Jerusalem summoned on Thursday the Spanish ambassador following “shameful comments” by the prime minister questioning the legality of Israel’s war against Hamas in Gaza.

“The footage we are seeing and the growing numbers of children dying, I have serious doubt [Israel] is complying with international humanitarian law,” Spanish Prime Minister Pedro Sánchez told Spanish state-owned broadcaster TVE on Thursday, according to a translation by Reuters. “What we are seeing in Gaza is not acceptable.”

The office of Israel Prime Minister Benjamin Netanyahu issued a statement saying that he instructed Foreign Minister Eli Cohen to summon Ambassador Ana María Salomón Pérez for a reprimand “following the shameful comments by the Spanish Prime Minister on the day that Hamas terrorists murdered Israelis in our capital Jerusalem.”

Four Israelis were killed and five other people were wounded on Thursday morning in a terror shooting on Weizman Boulevard at the main entrance to Jerusalem that was later claimed by Hamas.

It was the second time in the past two weeks that Jerusalem has summoned the Spanish ambassador for a dressing down.

On Nov. 24, Israel said that it was summoning the ambassadors of Spain and Belgium following a press conference the two country’s prime ministers held outside of Egypt’s Rafah Crossing to Gaza ahead of the first batch of Israeli hostages released by Hamas as part of a ceasefire agreement.

Sánchez called for the European Union to recognize a Palestinian state, saying that Madrid might do so. Spain holds the E.U. rotational presidency, with Belgium taking over in January.

Sánchez also accused Israel of “the indiscriminate killing of civilians, including thousands of boys and girls” in Gaza, saying it is “completely unacceptable.”

Belgian Prime Minister Alexander de Croo called for a “permanent ceasefire.”

The two European leaders were hosted by Netanyahu the previous day in Jerusalem.

Netanyahu showed them clips of the horrific footage from Hamas’s Oct. 7 massacre of 1,200 people in Israel and told them that Hamas is a “genocidal” enemy that must be eradicated.

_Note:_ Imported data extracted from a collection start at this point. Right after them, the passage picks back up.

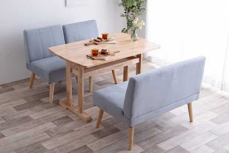 ダイニング用でも座りやすい高さのソファーは、両側に肘がないアームレスタイプなので全体的にスッキリとしていて圧迫感を与えません。
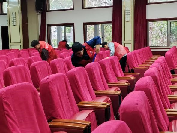 活动当天,阳光明媚,在简短的活动启动仪式后,同学们迅速分组投入到服务中。首先,同学们对敬老院的多功能厅和广场进行了全面清扫。多功能厅是老人们日常活动的重要场所,广场则是他们散步、锻炼、晒太阳的开放空间。大家分工明确、干劲十足,不怕脏、不怕累,用实际行动为老人们营造了一个更加整洁、舒适的生活环境。清扫工作结束后,同学们又协助敬老院工作人员进行老年人服务手册的整理与贴标签工作。大家认真核对每一本手册的内容,确保标签粘贴准确、整齐。通过这项工作,同学们不仅体会到了基层养老服务工作的严谨与辛劳,也更加理解了“尊老、爱老”不仅是一句口号,更需要从点滴做起、从细节落实。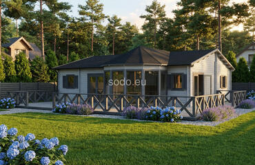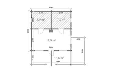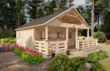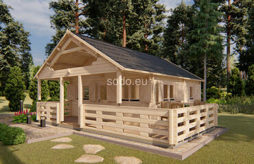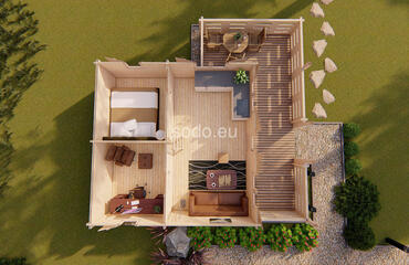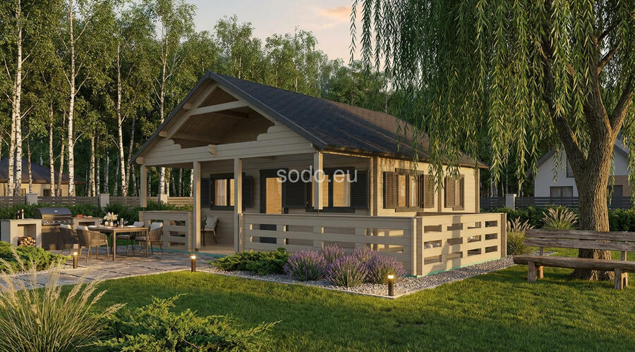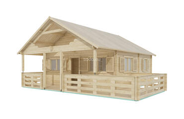 Combina 32 m² de espacio interior con un altillo de 14 m² y una terraza de 19 m², construido con paredes de 68 mm y tablas de suelo de 28 mm. El techo a dos aguas alcanza los 4,12 m, con una distribución adecuada para familias pequeñas o para uso durante los fines de semana.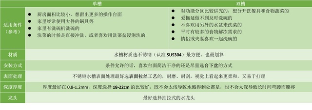 总结:厨房面积小,厨房台面不超过4米选单槽更合适,厨房面积大可以根据自己的习惯和喜好选择双槽和单槽。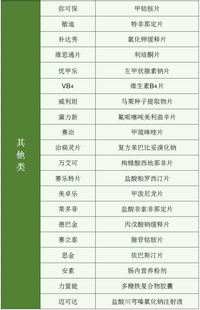 因此,筆者特意收集了“藥品通用名稱”對應的“商品名稱”以及某些藥品的曾用名,供藥店營業(yè)員參考。營業(yè)員熟練掌握了此類知識就能更好地為顧客服務好。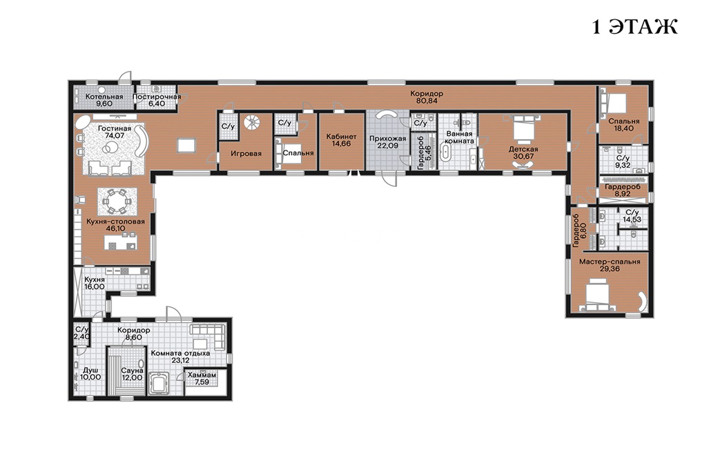 ОДНОУРОВНЕВАЯ ВИЛЛА СО СПА-ЗОНОЙ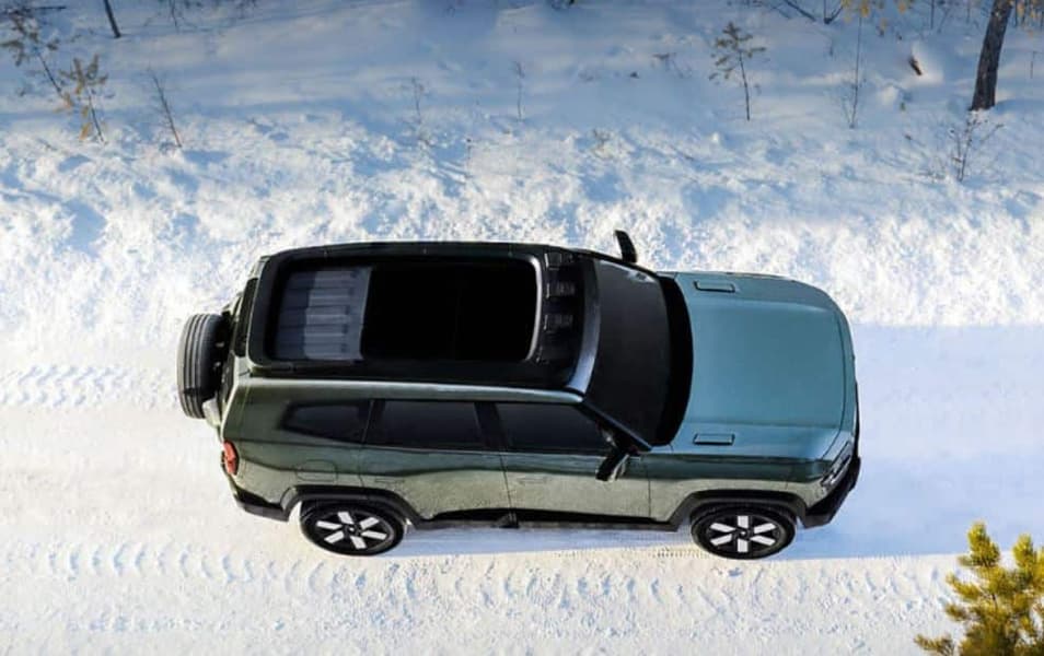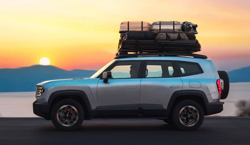 На крыше расположены четыре фонаря и багажники, на которых можно разместить походную палатку. Полноразмерная запаска расположена по центру задней части.

“We face a peculiar kind of enemy, a particularly cruel and inhuman foe. They’re genocidal. They’re not fighting for this or that territory; they’re fighting to eliminate the Jewish state in whatever boundary,” said the Israeli premier.

Cohen on Sunday summoned Irish Ambassador Sonya McGuinness to Jerusalem for a dressing down following “the outrageous words” of the country’s prime minister.

Ireland’s Taoiseach (Prime Minister) Leo Varadkar drew criticism from Israeli leaders for calling one of the hostages released by Hamas on the night of Nov. 25 “an innocent child who was lost and has now been found.”

Emily Hand, 8, was one of 13 women and children freed by the terrorist group in the Gaza Strip as part of a four-day ceasefire agreement. Her father, Tom, is a 64-year-old Irish immigrant.

Varadkar did not mention in his tweet that Hand was kidnapped by Hamas terrorists and her release was conditioned upon Israel having to free three Palestinian terrorists.

“Mr. Prime Minister, Emily Hand is not lost, maybe you have lost your moral compass and your connection to reality,” Cohen wrote on X.

“Emily Hand was kidnapped by a terrorist organization worse than ISIS after her stepmother was murdered. Emily and over 30 other Israeli children were kidnapped by Hamas, and you are trying to legitimize it. Shame on you!”